We need a gender mainstreamed Canada

Photo courtesy of Winnipeg Free Press

Many places in the United States and Europe are choosing to forego ancient gender norms by practicing what’s being called “gender mainstreaming.” This is a term established by the UN in 1995 as a global strategy to support gender equality. Though it has gained momentum over the last 20 years, we still have a long way to go, even in a place as influential as North America.

Europe is far more accepting of gender nonconformity than we are here. Many countries have adopted laws and policies to influence a more equal and accepting society, regardless of gender. In Canada, many people still have to fight for places like SFU to have gender-neutral washrooms, whereas places like Berlin now see this as a normal and expected establishment.

Language is an integral part of gender biases, and can be the deciding factor regarding whether or not people have equal access and rights in a country or area. Many languages have gendered words and tenses, associating certain things with femininity or masculinity. This often works to facilitate sexism and create a gender divide.

Sweden recently created a gender-neutral pronoun within their language, “hen.”

Many countries have recently been working to alter this. For example, Sweden recently created a gender-neutral pronoun within their language, “hen.” The German language is also being scrutinized, as it, along with other European languages, often uses pluralized words with masculine pronouns, regardless of whether or not females are within the group.

Cities in Germany and Austria have been going one step further, eliminating binary gender structures within their everyday society. Germany has converted many of its pedestrian stoplight signs from flashing images of men to those of women, and Austria has added some same-sex couples on theirs. Austria also adjusted its national anthem to celebrate both its “great daughters and sons,” rather than just sons.

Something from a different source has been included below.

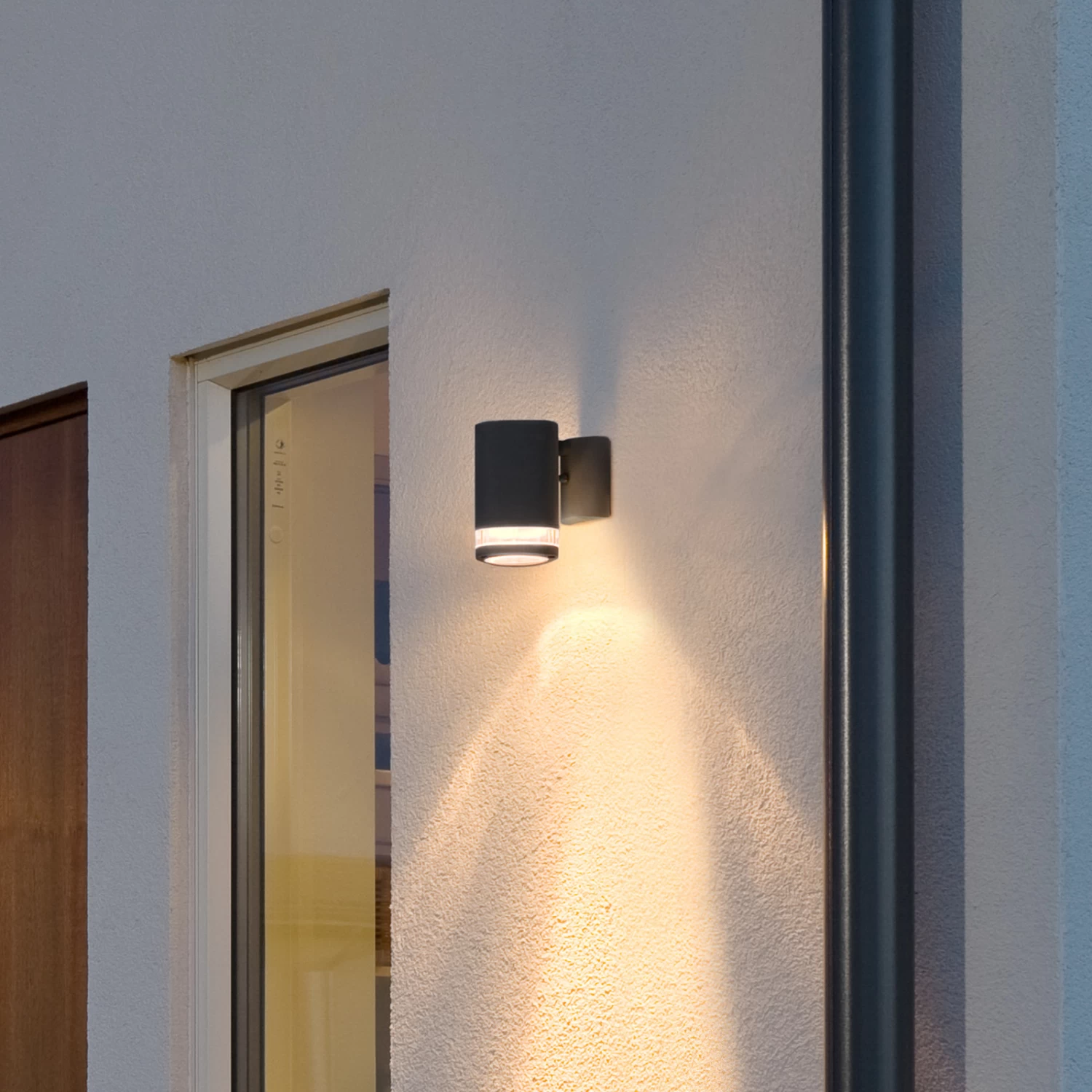 Die zierliche Form lässt sich platzsparend anbringen und ermöglicht unterschiedlichste Einsatzmöglichkeiten auf Zuwegen, auf der Terrasse oder auf dem Balkon. Das nach unten strahlende Licht wird durch transparentes Acryl indirekt abgegeben, was für eine angenehme Ausleuchtung von Eingangsbereich oder Fassade sorgt. Passendes Leuchtmittel ist über das Zubehör erhältlich.

Canada, however, is still far behind these progressive and inventive European countries. While for the most part, individuals here generally accept others, we still have a long way to go as a nation. We need policies to reflect our overarching mindsets of the time we are living in, rather than the mindsets of days far behind us. It’s great that we’ve come so far for women’s rights, but we still have a ways to go to make sure every citizen has equal rights, regardless of their gender.